The gregarious, almost 84-year-old actor is referring to my recording device. We're sitting in the private shopping area at Macy's as apologetic staffers wheel racks of designer menswear back and forth. But nothing distracts him from enthusing about Tab Hunter Confidential, the documentary playing at Frameline that's based on the memoir he co-wrote 10 years ago with film historian Eddie Muller.
"I'm thrilled it's happening. You have no idea!" Hunter says. "I heard the book is on The New York Times best-seller list. I can't believe it! It's already been there."
It's at the No. 9 position, to be exact — a rare feat after an interval of nearly a decade. But while many Eisenhower-era matinee idols and pop stars have long since faded to complete obscurity, nothing keeps interest in Tab Hunter down for long. The charismatic heartthrob who played opposite Sophia Loren and dated Anthony Perkins was once in such demand that Warner Brothers started its music division just to keep him in-house.
Born Art Gelien, Hunter is a San Francisco native who grew up in the Avenues, "learned to swim at Sutro's, and kept a horse in Pleasanton when there were pastures out there." He's a lifelong practicing Catholic who never championed any political causes, and remains a private person, famously reluctant to open up about his sexuality, or even to gossip about the stars.
When I mention that, judging by the film, it looks as though Debbie Reynolds still has a crush on him, he demurs.
"I don't know about that! Deb and I go back to when she was playing the French horn in the Burbank High School band. Warner Brothers put her under contact, dropped her, and she went on to MGM and became a big star.
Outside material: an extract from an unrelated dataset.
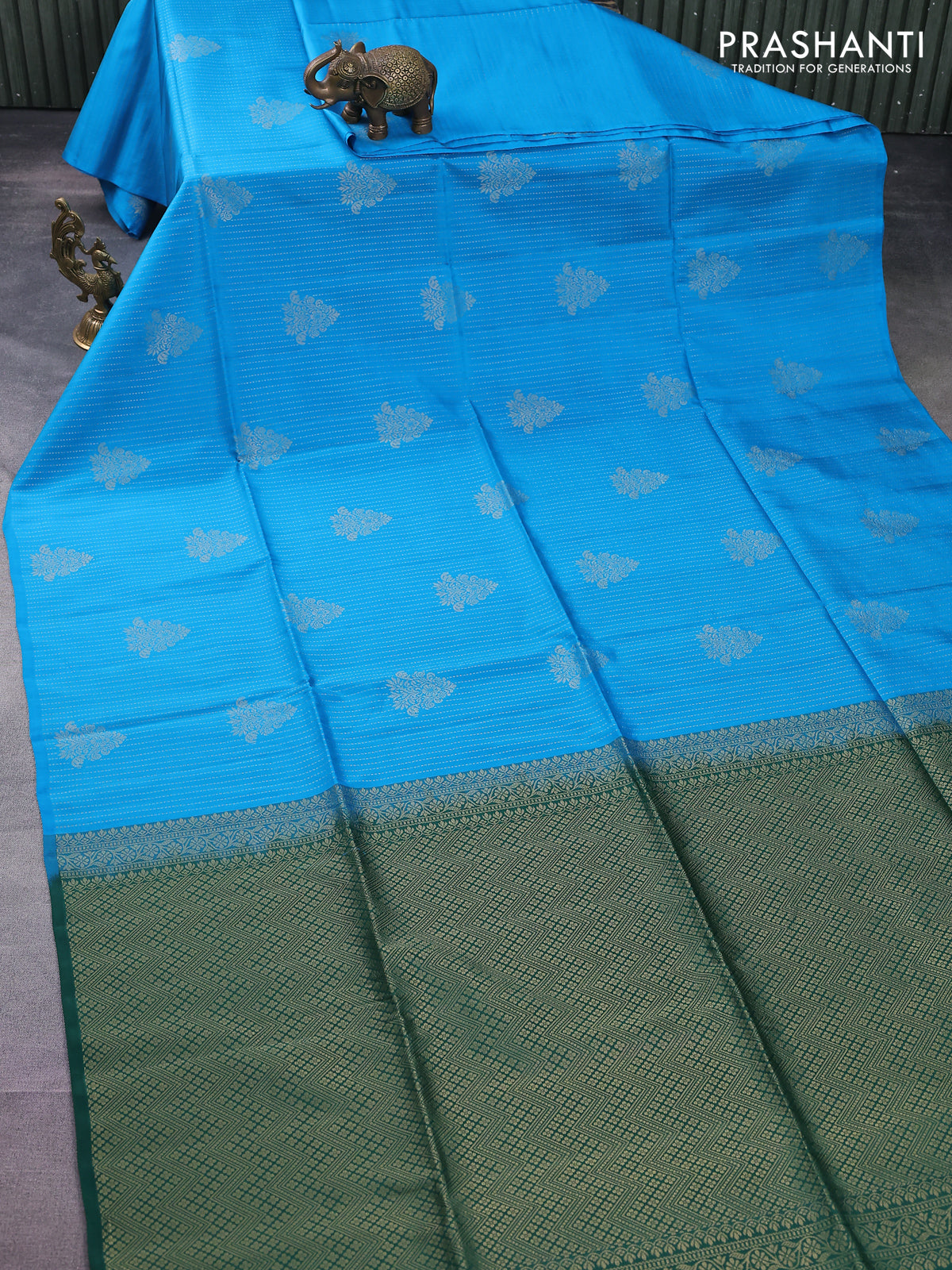 Kanchipuram soft silk saree cs blue and dark green with allover zari weaves & buttas in borderless style

But I remember she was just a little Burbank girl."
Point taken, although I'm pretty sure I just made Tab Hunter blush.
Partially to conceal his sexuality — he'd been spotted at what the tabloids labeled a "limp-wristed pajama party," although he tells me the incident was "total bullshit" — and partially because it was part of his job description, the studio habitually fixed him up on dates with Reynolds, Natalie Wood, and other ingenues. While there was obviously no TMZ, photographers accompanied them at all times, yet they were able to sneak some intimacy out of the spotlight. It's almost dizzying to hear his reminiscences, if only because it's entrancing to hear someone casually refer to Tallulah, Tennessee, and Chita by their first names only. (The one time the permanently boyish Hunter ever grew facial hair, it was to play Christopher in Tennessee Williams' The Milk Train Doesn't Stop Here Anymore, opposite Tallulah Bankhead.)
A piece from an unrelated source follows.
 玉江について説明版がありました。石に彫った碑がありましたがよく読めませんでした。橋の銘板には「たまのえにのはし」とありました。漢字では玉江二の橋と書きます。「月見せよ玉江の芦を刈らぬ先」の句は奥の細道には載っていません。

But since Tab Hunter Confidential played at Frameline, and since most people under 50 probably know Hunter best from Polyester, I had to ask about Divine.
"Divine I had met once socially," Hunter said. "I believe at David Hockney's or some place. I was a big fan. John [Waters] said, 'How would you feel about kissing a 350-pound transvestite?' I said, 'I'm sure I've done a hell of a lot worse!'"
Hunter considered Divine among his favorite leading ladies, "right up there with Geraldine Page, Natalie, and Sophia [Loren]," and they went on to make Lust in the Dust, a spoof of Westerns that involved Hunter doing "a very poor take on Clint."
If opportunity knocked in the form of a new John Waters film, would he do it again?
"I'd do anything for John, I think he's just wonderful. I remember when I said I'd do [Polyester], an agent said, 'You can't do that! Don't tell anybody you're doing a John Waters film!' I said, 'I've got nothing to lose, and everything to gain.' We can't stand by the side of the pool and just look at it. We've got to jump in."